# Visitor visa 600 return ticket



## Mz.jez (Apr 22, 2019)

Hi all,

I’m just wondering if anyone knows if you have to have a return ticket booked when you enter Australia on visitor visa 600. My mother in law is arriving next week but has only booked one way. She hasn’t booked her return.

She has no conditions on her visa but only can enter for 3 months on each arrival. 

Thanks in advance


----------



## JandE (Jul 17, 2015)

There may be different rules for different nationalities.

One was required for a Filipino travelling to Australia on a visitor visa. She wasn't allowed to board the plane without showing the return ticket. 

Some other people have just been asked to show proof that they can afford to buy a return ticket.


----------



## Aussie in Thailand (Aug 31, 2018)

Hi

This is from DHA:

_There is no requirement to have a return ticket when you arrive in Australia. However officers at the border need to be satisfied that visitors, working holiday maker and temporary residents are intending to and have the means to depart Australia before their visa expires._

Also your MIL needs to check with the airline to ensure that the airline has no issues with one way travel. Just because she purchased a ticket doesn't mean that an airline will allow her to board.

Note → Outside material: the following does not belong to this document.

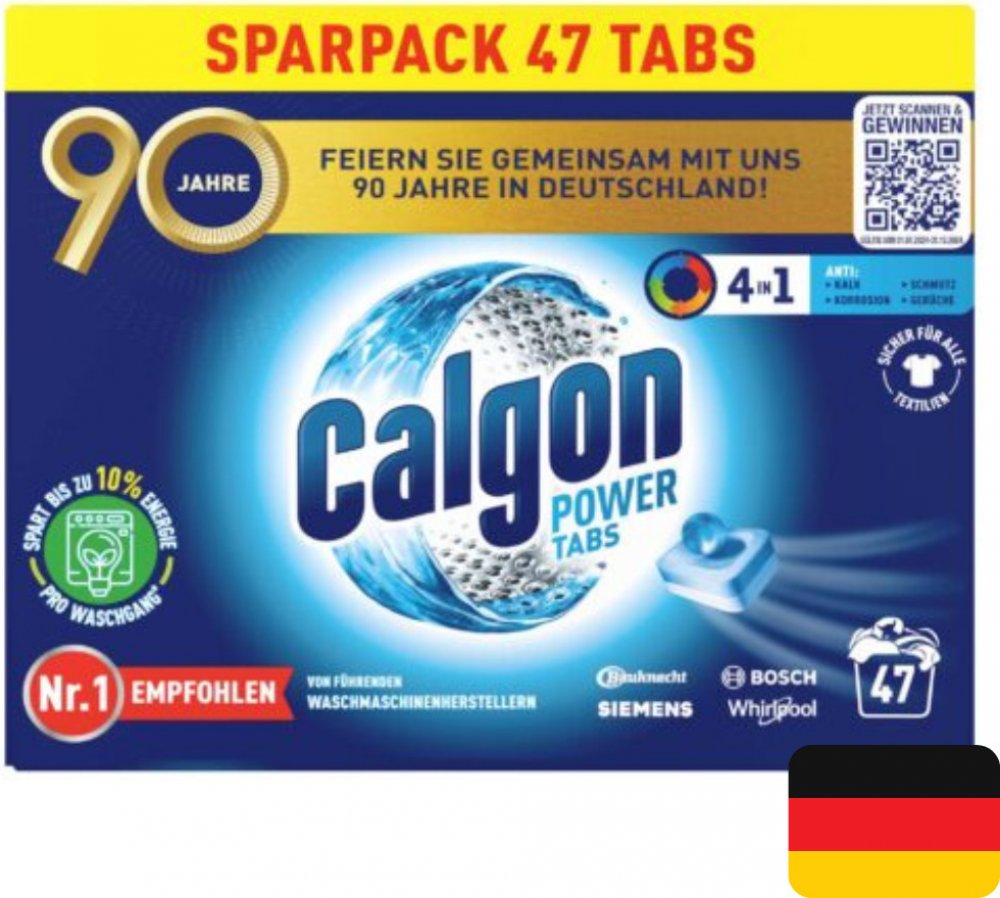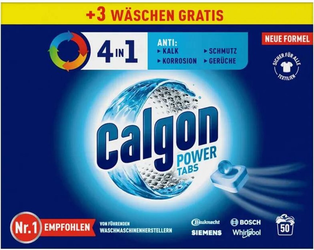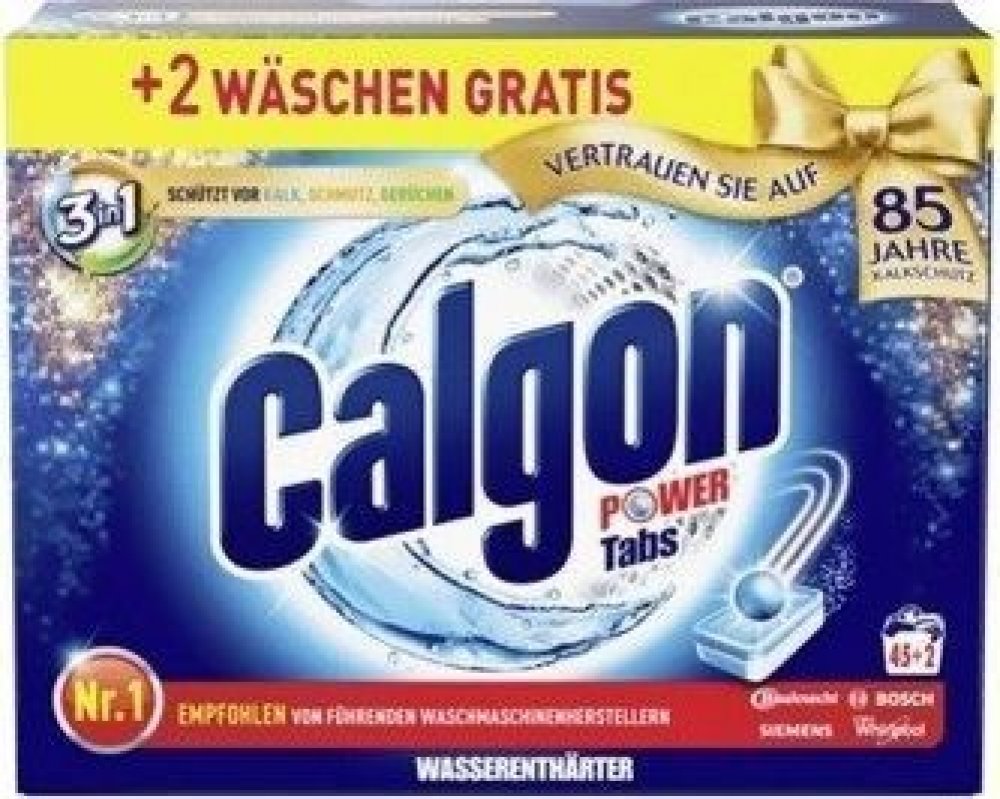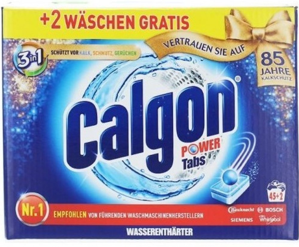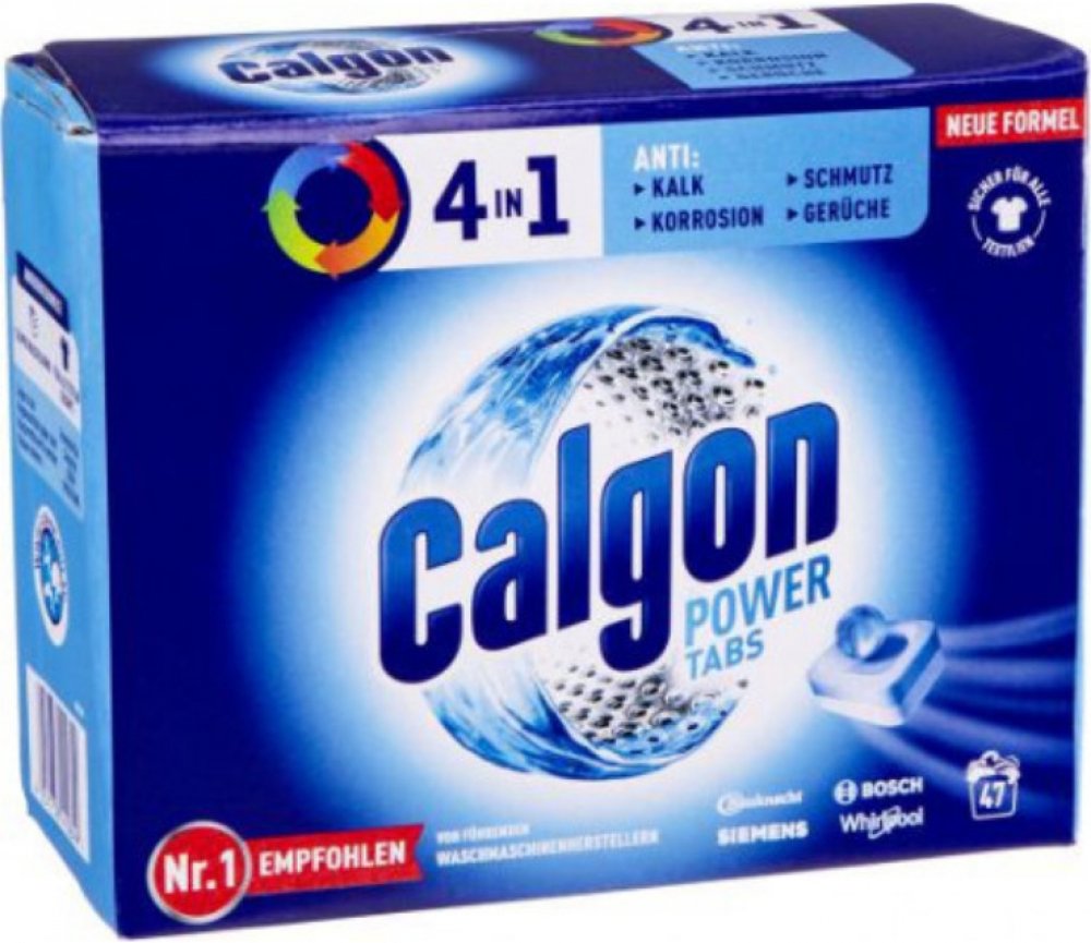 Calgon tablety proti vodnímu kameni 47 ks Power 4v1 mají čtyři účinky: 1) Komplexní ochranu před vodním kamenem. Calgon díky svému neutralizačnímu účinku chrání všechny důležité části vaší pračky. 2) Čistící účinek pomáhá předcházet usazování nečistot a zbytků pracích prostředků uvnitř pračky. Calgon tyto usazeniny neutralizuje, pomáhá k jejich odplavení a udržuje tak vaši pračku čistou. 3) Chrání Vaši pračku před korozí. 4) Provoní pračku svěží vůní.POUŽITÍ:Umístěte tabletu do příhádky na prací prostředek. Používejte při každém praní. Prací prostředek dávkujte podle doporučeného dávkování pro praní v měkké vodě. Vhodné pro všechny textilie.SLOŽENÍ:15-30% Polycarboxylate, <5% Duftstoffe.UPOZORNĚNÍ:VAROVÁNÍ. Uchovávejte mimo dosah dětí. Reakce: PŘI ZASAŽENÍ OČÍ: Několik minut opatrně vyplachujte vodou. Vyjměte kontaktní čočky, jsou-li nasazeny a pokud je lze vyjmout snadno. Pokračujte ve vyplachování. PŘI POŽITÍ: Necítíte-li se dobře, volejte TOXIKOLOGICKÉ INFORMAČNÍ STŘEDISKO nebo lékaře. Je-li nutná lékařská pomoc, mějte po ruce obal nebo štítek výrobku. Při styku s kůží omyjte důkladně vodou a mýdlem. Při vdechnutí prachu odveďte postiženého na čerstvý vzduch.ŽIVOTNÍ PROSTŘEDÍ:Zcela prázdný a čistý obal je možné recyklovat. Chraňte životní prostředí recyklací. Má to smysl.

At the very least I would expect she would be questioned on arrival in Australia as per the above from DHA.

Would it not be easier to buy a return ticket and take the angst out of her trip?


----------



## JandE (Jul 17, 2015)

I've seen a Travel Agent, at a Flight Centre office, say that there is very little chance of being allowed in without a return ticket, and that the visa condition is extremely clear about it.

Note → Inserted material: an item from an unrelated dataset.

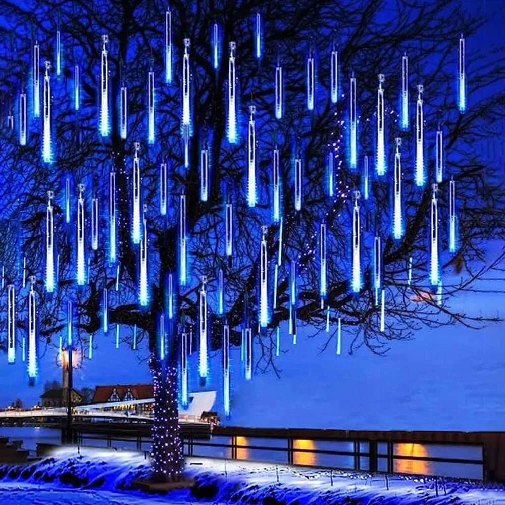 288LED Solar Meteor Shower String Light Falling Rain Garden Party Xmas Tree Lamp

My Filipino partner never had to show a ticket on arrival, but needed to show it at the departure airport in the Philippines.

I personally arrived from the UK, as a UK citizen with a visitor visa, on a one way ticket, with no issues anywhere. (_although a long time ago_)

Coming from the UK, according the Australian embassy in the UK, the rule is: _There is no requirement to have a return ticket when you arrive in Australia. However officers at the border need to be satisfied that visitors, working holiday maker and temporary residents are intending to and have the means to depart Australia before their visa expires. While not a mandatory requirement, you may wish to carry a copy of your bank statement to demonstrate you have sufficient funds to purchase an airline ticket to depart Australia._

The Australian embassy in the Philippines does not say the same.

I feel that nationality might have a bearing on the answer.


----------



## alenochka24 (May 6, 2019)

Hi, 
most probably there are different rules for different nationalities.
I am from Russia and came to Australia under subclass 600 on March, 18. 
I had only one way ticket and was not asked about the return ticket even once.


----------